Sequence alignment and preprocessing

Reads were aligned to the Drosophila melanogaster genome (r6.10) using STAR (2.4.2a) (Dobin et al., 2013) with the ENCODE standard options, except “--outFilterScoreMinOverLread 0.4 --outFilterMatchNminOverLread 0.4 --outFilterMismatchNmax 999 --outFilterMismatchNoverLmax 0.04”. Uniquely mapped reads that overlap with genes were counted using HTSeq-count (0.7.1) (Anders et al., 2015) with default settings except “-m intersection-strict”. Cells having fewer than 300,000 uniquely mapped reads were removed. To normalize for differences in sequencing depth across individual cells, we rescaled gene counts to counts per million (CPM). All analyses were performed after converting gene counts to logarithmic space via the transformation Log₂(CPM+1). Cells that were labeled with neuron-specific GAL4 drivers (C155+, GH146+, Mz19+, 91G04+, Trol+, and CG31676+ cells) were filtered for expression of canonical neuronal genes (elav, brp, Syt1, nSyb, CadN, and mCD8GFP), retaining only those cells that expressed at least 4/6 genes at >15 CPM. After filtering, 97.3% of GH146+ PN cells express mCD8GFP (at >15 CPM).

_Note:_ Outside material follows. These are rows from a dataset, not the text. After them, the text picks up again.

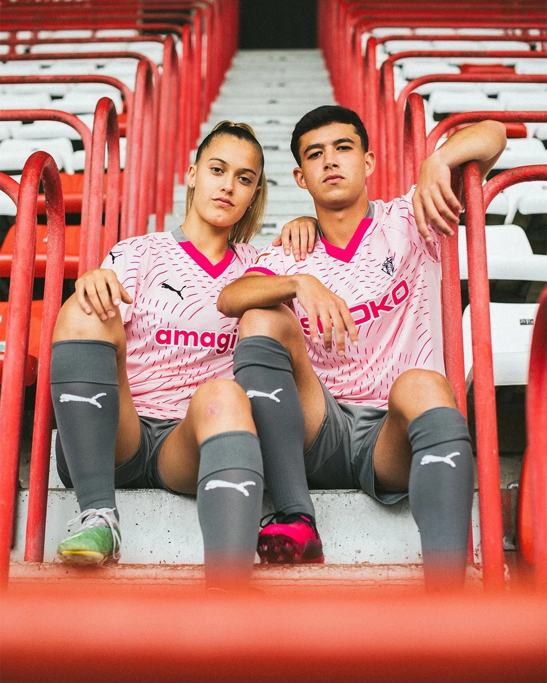 The Puma jersey features a pink base with fuchsia highlights on the sleeves and collar, complemented by grey shorts and socks. Grey also appears as a detail on the collar.
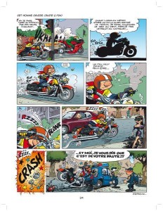 Réunir trois grands auteurs de la bande dessinée franco-belge pouvait laisser penser que ce serait formidable. Maltaite, Colman et Batem (les deux premiers au scénarios et les trois pour le dessin) atteignent partiellement leur but : nous faire sourire à leurs gags en une planche. Que l’on soit amateur ou non de grosse cylindrées, cela ne fonctionne pas tout le temps. Si l’idée d’intégrer leurs personnages principaux dans une rédaction de magazine motos était originale, souvent ils s’en éloignent et cela est dommage. Pourtant les personnages sont très bien cernés et divers : Sam, journaliste un peu désorganisé et bon pilote ; Spot, photographe et compagnon de route de Sam ; Gunther, homme de fer paraplégique et directeur du journal ou encore Emma, assistante de Gunther, cruelle et servile. Reste la partie graphique : un dessin à 6 mains, agréable et d’une belle force comique.
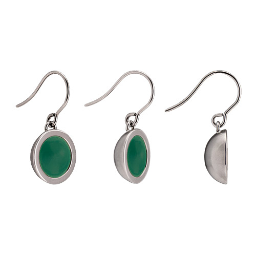 Fassung und Ohrhaken in Edelstahl poliert oder matt, zum Teil PVD beschichtet in Schwarz matt, Gelbgold matt oder Roségold poliert
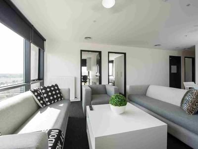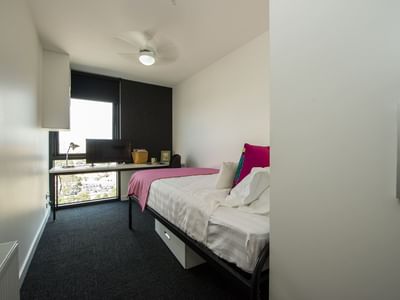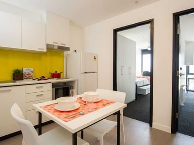 Unilodge Victoria University has a variety of apartments for students to choose from including studio apartments, 2 bedroom apartments, and 6 bedroom apartments. All rooms are comfortable and fitted with a range of inclusions such as King single or a spacious double bed, a kitchenette with full size fridge, cook top, range hood and microwave, wardrobe and shelves, study desk and chair, with lamp, and bathroom(s).
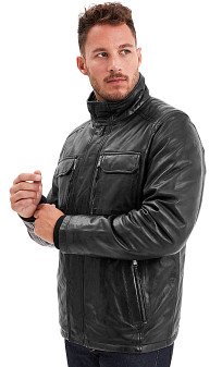 Cette veste en cuir d'agneau lavé impose son style rétro avec une certaine élégance.
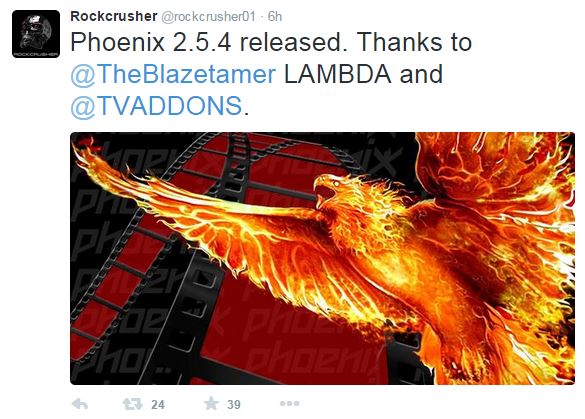 Phoenix 2.5.4 Addon released Kodi Isengard Phoenix 2.5.4 released. Thanks to @TheBlazetamer LAMBDA and @TVADDONS. This is what Rockcrusher01 Twitters says. Rockcrusher01 has been around from the Mashup days. Posting great quiality Tv to the Addon. The updated should be automatic if you have their repo. so stay tuned for the latest on… Continue reading Phoenix 2.5.4 Addon released Kodi Isengard
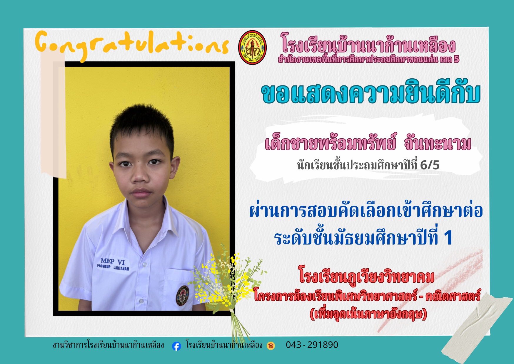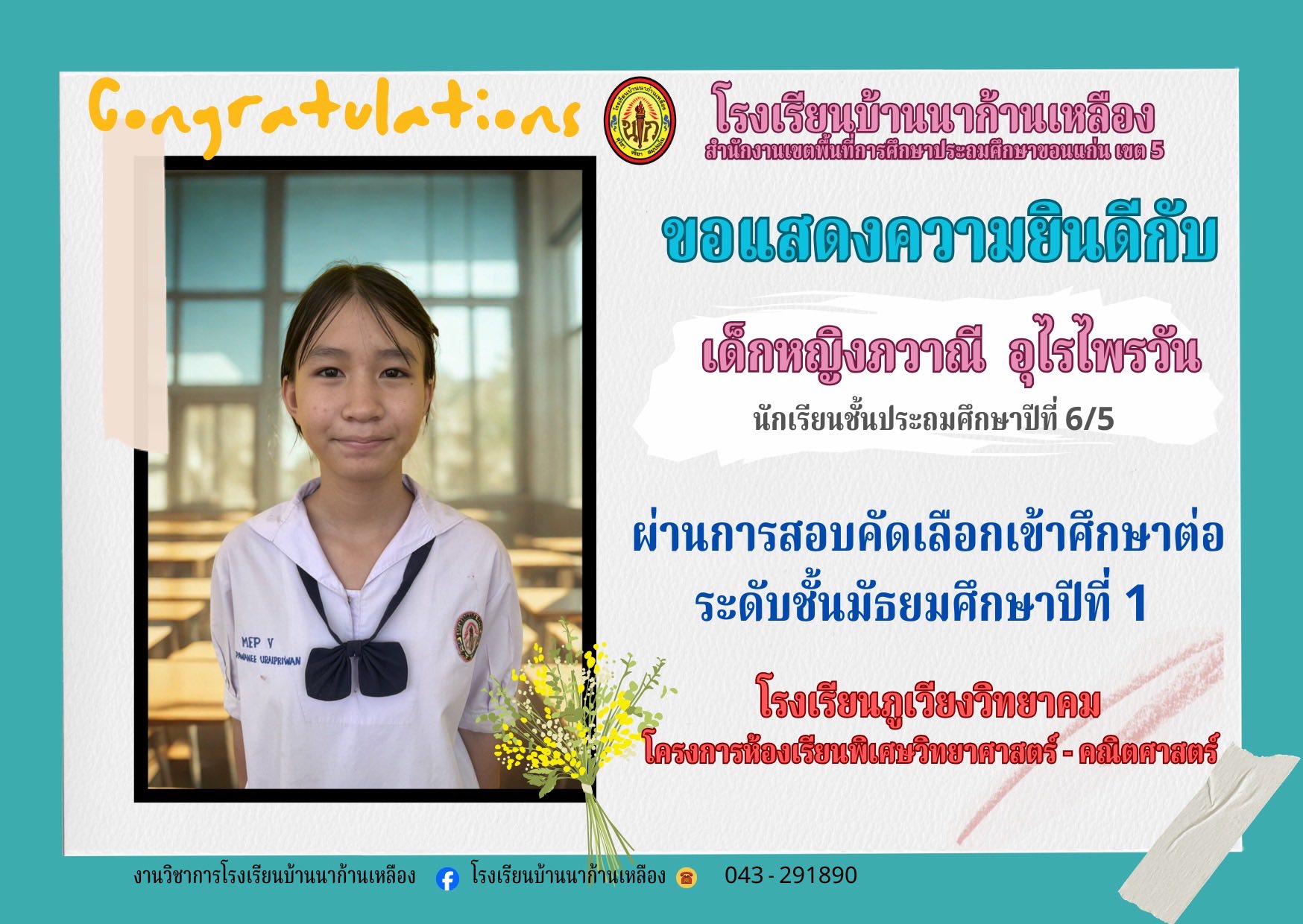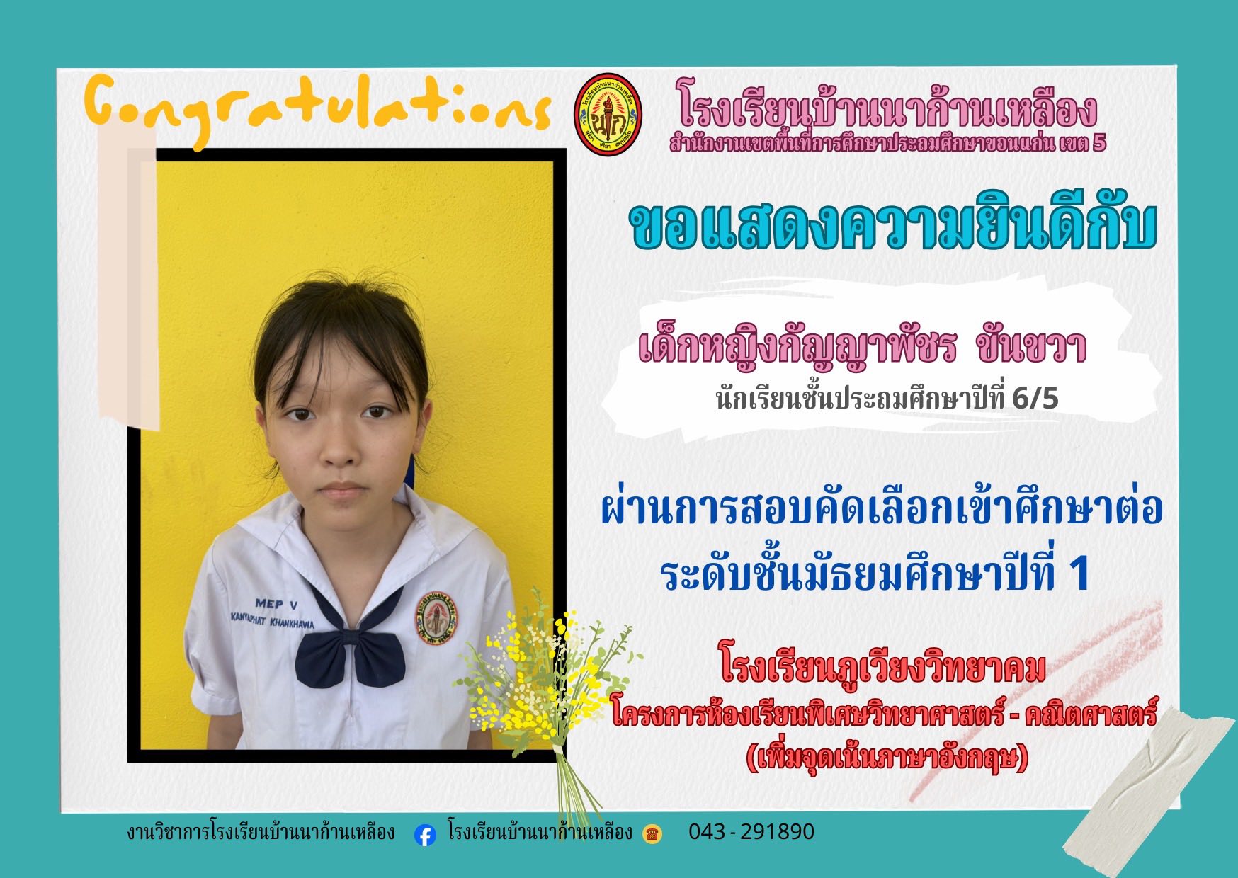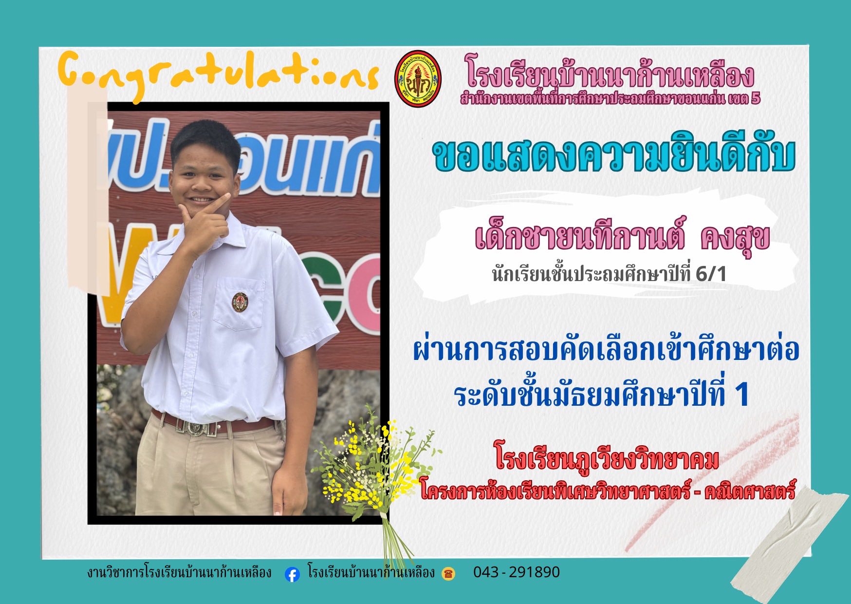 โรงเรียนบ้านนาก้านเหลือง ขอแสดงความยินดีกับนักเรียนคนเก่งในการสอบเรียนต่อระดับมัธยมศึกษา

Dimensionality reduction and clustering

Single-cell RNA-seq yields high dimensional gene expression data. To visualize and interpret these data, we obtained two-dimensional projections of the cell population by first reducing the dimensionality of the gene expression matrix using principal component analysis (PCA), then further reducing the dimensionality of these components using t-distributed Stochastic Neighbor Embedding (tSNE) (van der Maaten and Hinton, 2008). We note that tSNE is a nonlinear embedding that does not preserve distances, so one cannot interpret the distances in the projected space directly as distances between gene expression profiles (i.e., the pre-transformation space).

We performed PCA on a reduced gene expression matrix composed of the top 500 overdispersed genes (as described below). To identify significant principal components (PCs), we examined the distribution of eigenvalues obtained by performing PCA after shuffling the gene expression matrix (with 100 replicates). A PC was considered significant if the magnitude of its associated eigenvalue exceeded the maximum magnitude of eigenvalues observed in the shuffled data. Significant components (typically 7–12 PCs) were used for further analysis. We further reduced these components using tSNE to project them into a two-dimensional space.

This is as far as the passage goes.